- _INFORMATION SHOWN_

==============================

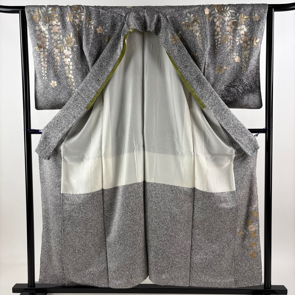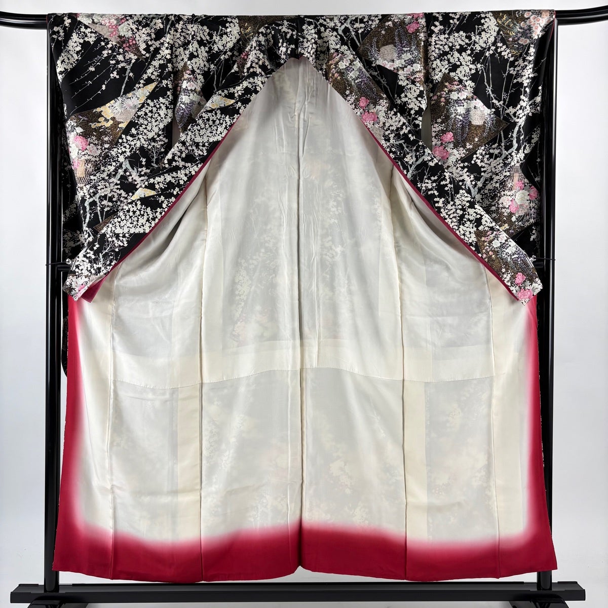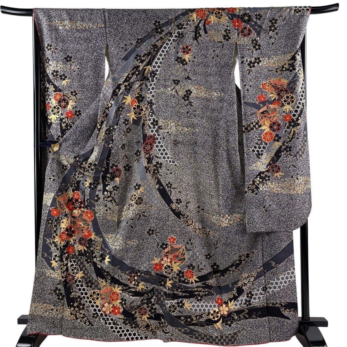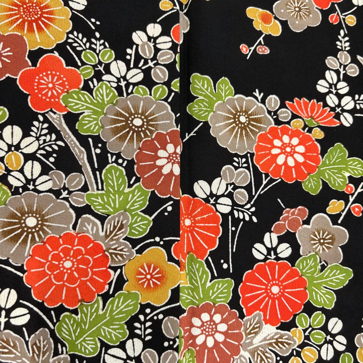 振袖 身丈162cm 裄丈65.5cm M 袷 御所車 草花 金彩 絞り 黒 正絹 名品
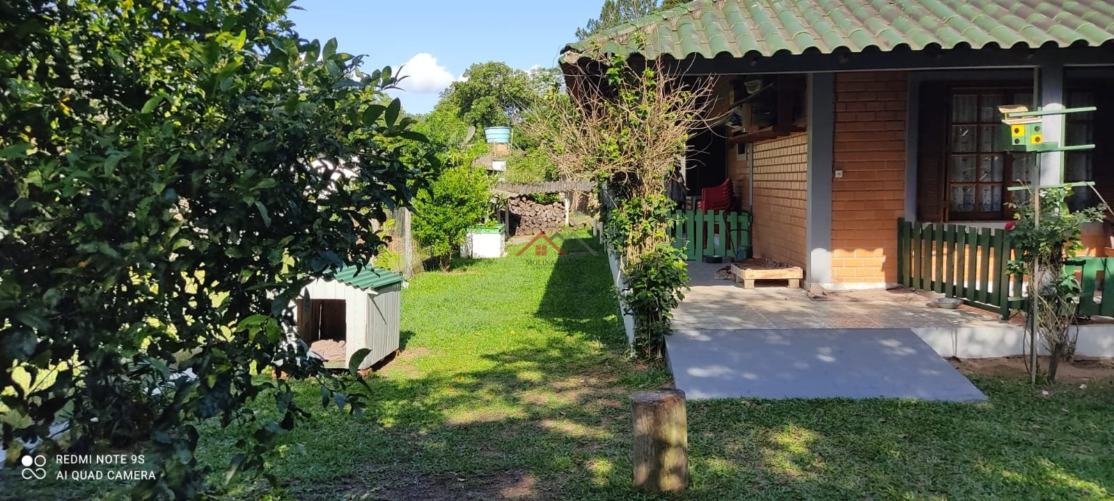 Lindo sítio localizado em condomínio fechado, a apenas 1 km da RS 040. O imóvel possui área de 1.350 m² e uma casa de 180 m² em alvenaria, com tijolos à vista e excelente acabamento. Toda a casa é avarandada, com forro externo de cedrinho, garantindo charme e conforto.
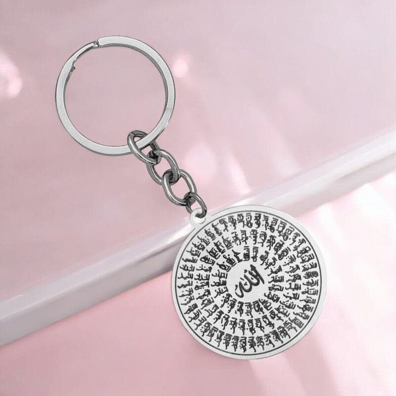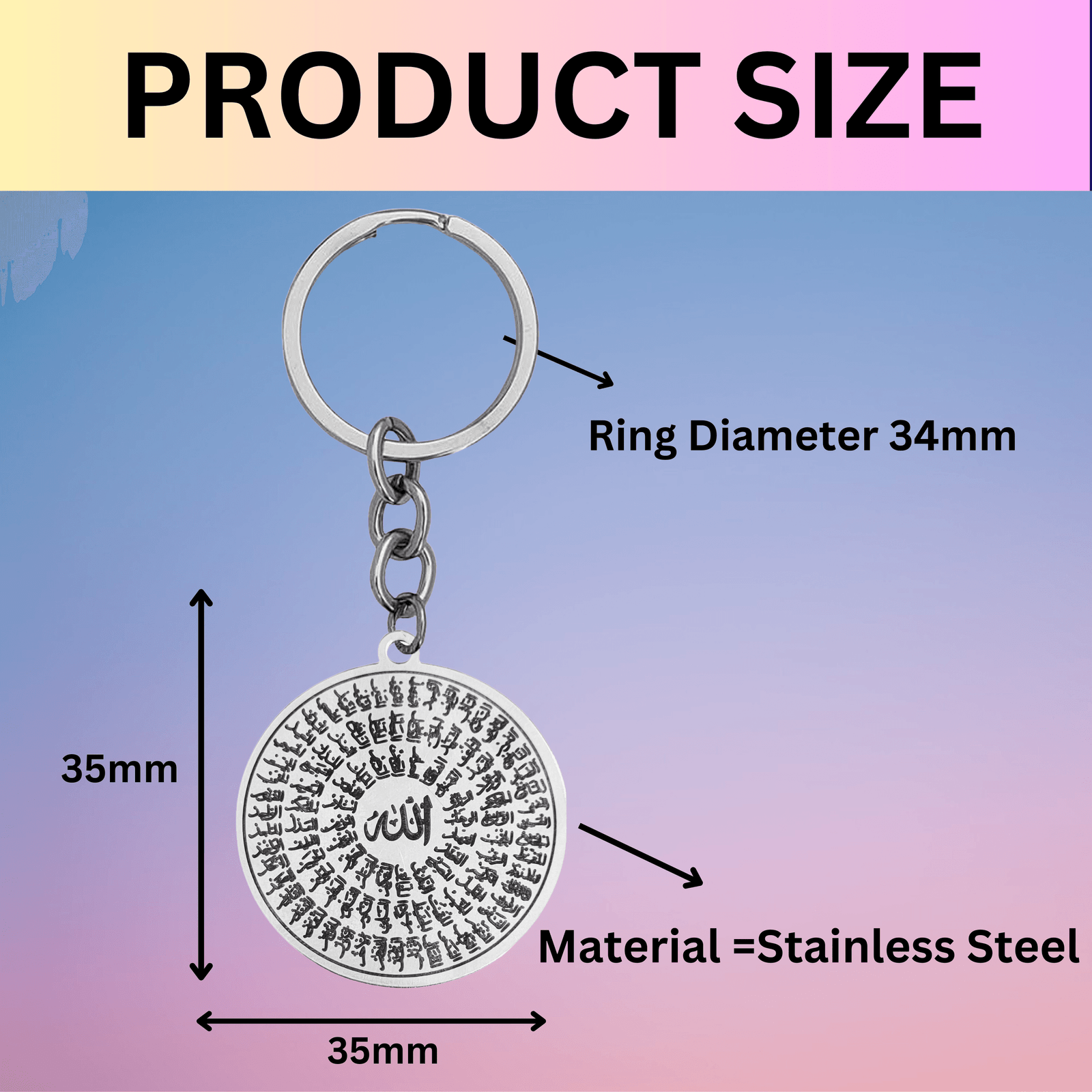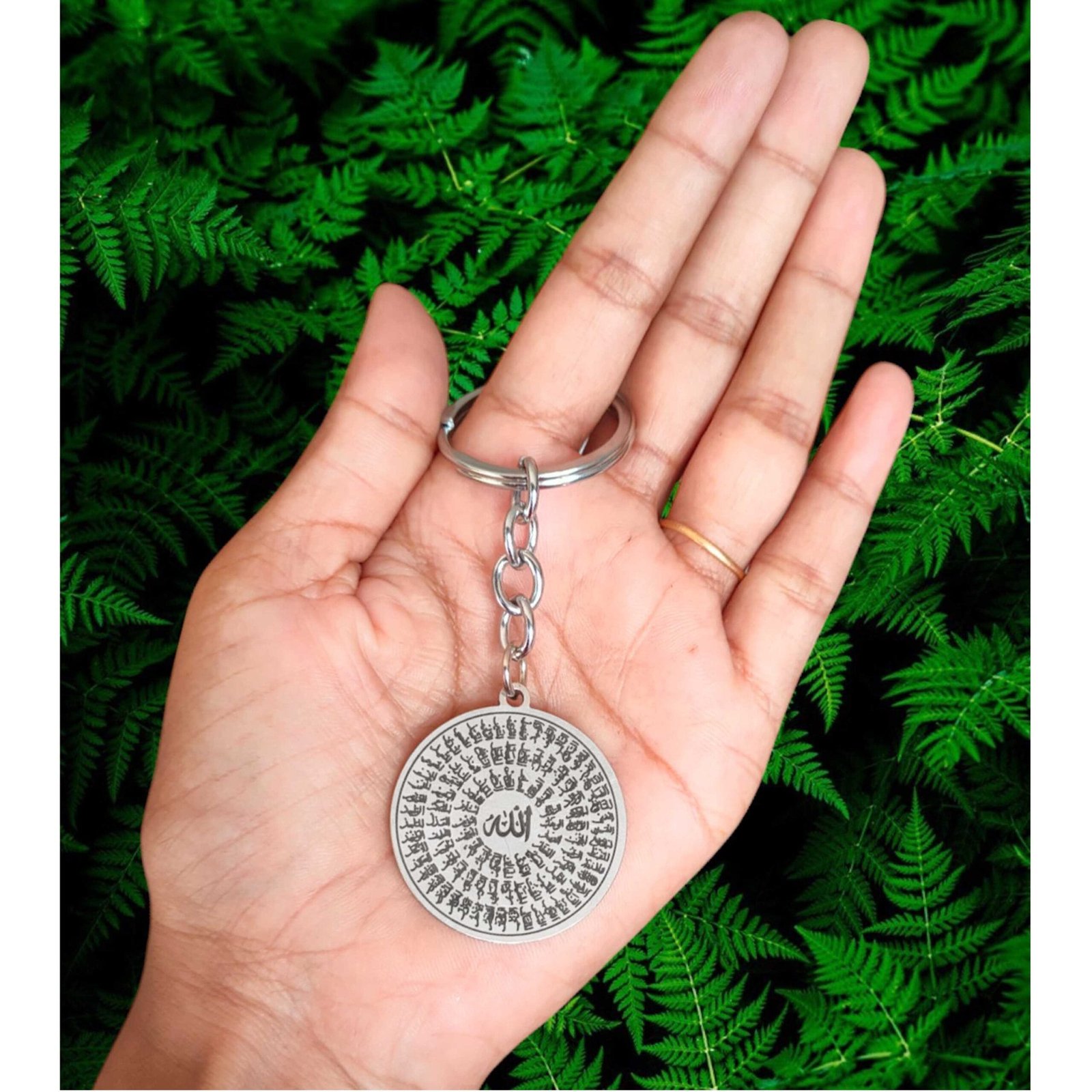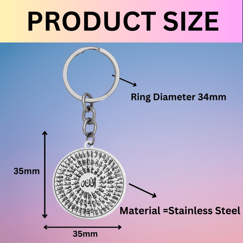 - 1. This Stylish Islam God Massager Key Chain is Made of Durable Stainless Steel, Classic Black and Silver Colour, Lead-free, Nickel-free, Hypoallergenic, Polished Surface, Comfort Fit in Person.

==============================

- _TASK_
In the copy, no pictures are to appear; write out exactly the lines from the one containing "Lindo sítio localizado" through the end of the listing above and no further lines.

- _REPLY TO THE TASK_
 Lindo sítio localizado em condomínio fechado, a apenas 1 km da RS 040. O imóvel possui área de 1.350 m² e uma casa de 180 m² em alvenaria, com tijolos à vista e excelente acabamento. Toda a casa é avarandada, com forro externo de cedrinho, garantindo charme e conforto.
 - 1. This Stylish Islam God Massager Key Chain is Made of Durable Stainless Steel, Classic Black and Silver Colour, Lead-free, Nickel-free, Hypoallergenic, Polished Surface, Comfort Fit in Person.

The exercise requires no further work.